Du kennst schon das Wort Ironie. 
Ich bin auch nicht der Meinung, dass wir hier zu viel verdienen sondern tendenziell eher noch ein großer Spielraum nach oben ist. Nur unsere Sozialabgaben sind einfach viel zu hoch und dadurch hat man oftmals von einem auf den ersten Blick hohen Bruttolohn, doch letztendlich nicht soviel Netto übrig. 
Aber hey, man musste ja die Bemessungsgrenze wieder ein Stück höher legen und wenn ich dann sehe, was manche Kassen für Bonusprogramme haben und das Geld zum Fenster rauswerfen, könnte ich echt kotzen.



Threshold schrieb:


> Tut sie doch.
> Die großen Autobauer kriegen Zuschüsse und Subventionen damit sie ein elektrofahrzeug in den eigenen Reihen haben.
> Auch um damit den CO² Ausstoß des Flottenverbandes zu senken da Elektrofahrzeuge ja als "Zero Emission" eingestuft werden.
> Die Elektrofahrzeuge werden dabei sogar mehrfach "eingebaut".

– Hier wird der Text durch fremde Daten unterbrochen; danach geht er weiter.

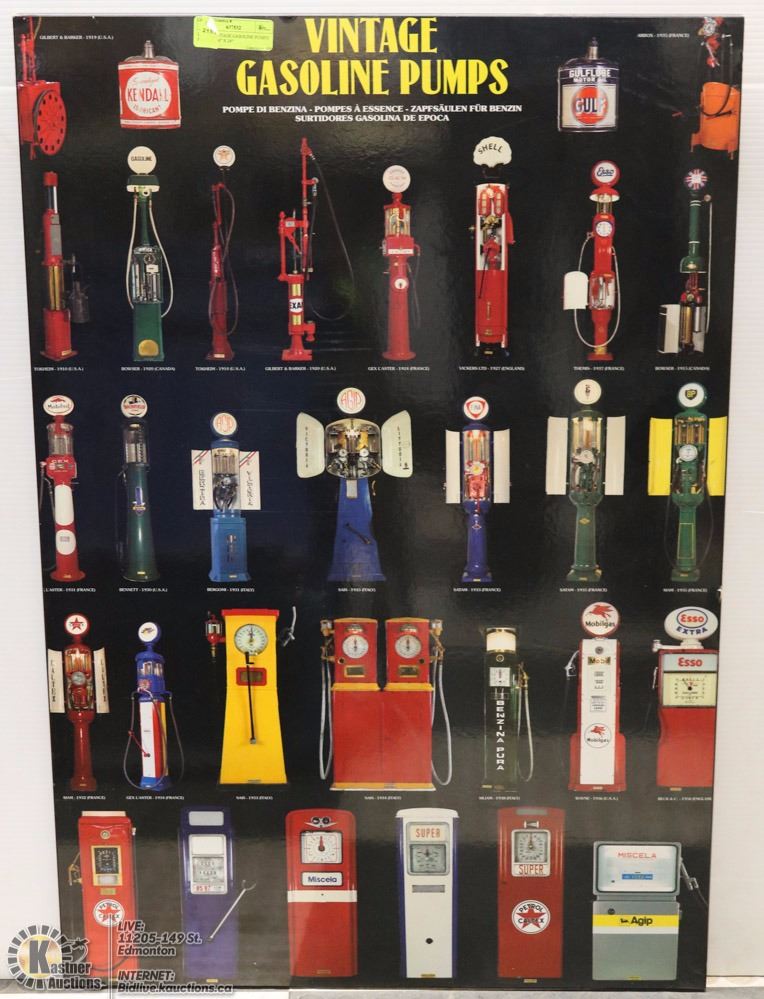 LARGE VINTAGE GASOLINE PUMPS PICTURE 36” X 24”

Ich sehe hier jetzt keine massive Subvention, welche den Aufwand finanzieren würde...
Die Senkung des CO² Flottenverbandes ist sowieso ein ziemlicher Blödsinn made by EU. Die sollten sich lieber mal bemühen den Feinstaub und den andern Krempel der viel schädlicher ist weiter zu begrenzen.
Die EU Norm ist doch auch nur da, weil die andern Ländern keine Automobilindustrie haben bzw. wenn sie eine haben eher Kleinwagen und co produzieren...
Von daher wird mit der Richtlinie mal wieder nur gegen Deutschland geschossen.


----------



## Threshold (15. April 2014)

*AW: Akku-Prototyp: Galaxy S4 wird in 30 Sekunden aufgeladen*



Bärenmarke schrieb:


> Ich sehe hier jetzt keine massive Subvention, welche den Aufwand finanzieren würde...
> Die Senkung des CO² Flottenverbandes ist sowieso ein ziemlicher Blödsinn made by EU. Die sollten sich lieber mal bemühen den Feinstaub und den andern Krempel der viel schädlicher ist weiter zu begrenzen.
> Die EU Norm ist doch auch nur da, weil die andern Ländern keine Automobilindustrie haben bzw. wenn sie eine haben eher Kleinwagen und co produzieren...
> Von daher wird mit der Richtlinie mal wieder nur gegen Deutschland geschossen.


 
Gerade Merkel verhindert doch alles wenn es darum geht die Schadstoffgrenzen zu verschärfen oder den CO² Ausstoß zu reduzieren.
Die Automobilindustrie kommt dann immer mit dem Totschlagargument "Arbeitsplätze" aber wieso sind Arbeitsplätze in der deutschen Automobilindustrie gefährdet wenn die Autos effizienter werden sollen?
Gerade das fördert doch Arbeitsplätze weil geforscht und entwickelt werden muss.
Ich arbeite in der Automobilindustrie. Ich weiß wie da der Hase läuft. Ich kriege das ja direkt mit und schlage mir schon seit Jahren mit der flachen Hand auf dir Stirn weil ich es nicht begreifen kann.
Die Automobilindustrie wehrt sich mit Händen und Füßen gegen Veränderungen. Sie haben sich damals gewehrt als der Katalysator pflicht werden sollte.
Und sie wehren sich heute wieder mit allem was sie haben um ja nicht ihre fetten Benzinschleudern aufzugeben mit denen sie ihre fetten Gewinne einfahren.
Und erzähl mir nicht dass die Automobilindustrie keine fetten Gewinne einfährt.
Die haben Geld ohne Ende und könnten aus eigener Hand forschen und entwickeln aber ebenso wie die Energiekonzerne die auch nichts machen und abwarten wollen auch die Autobauer alles aussetzen.


----------



## ruyven_macaran (15. April 2014)

Das ist halt BWLer denken:
Maximalen Gewinn aus dem ziehen, was man hat. D.h. nichts neues entwickeln, solange man das alte noch verkaufen kann. Und bei Bedarf erstmal dafür sorgen, dass man das alte noch länger verkaufen kann. "abgeschrieben" ist das Schlagwort.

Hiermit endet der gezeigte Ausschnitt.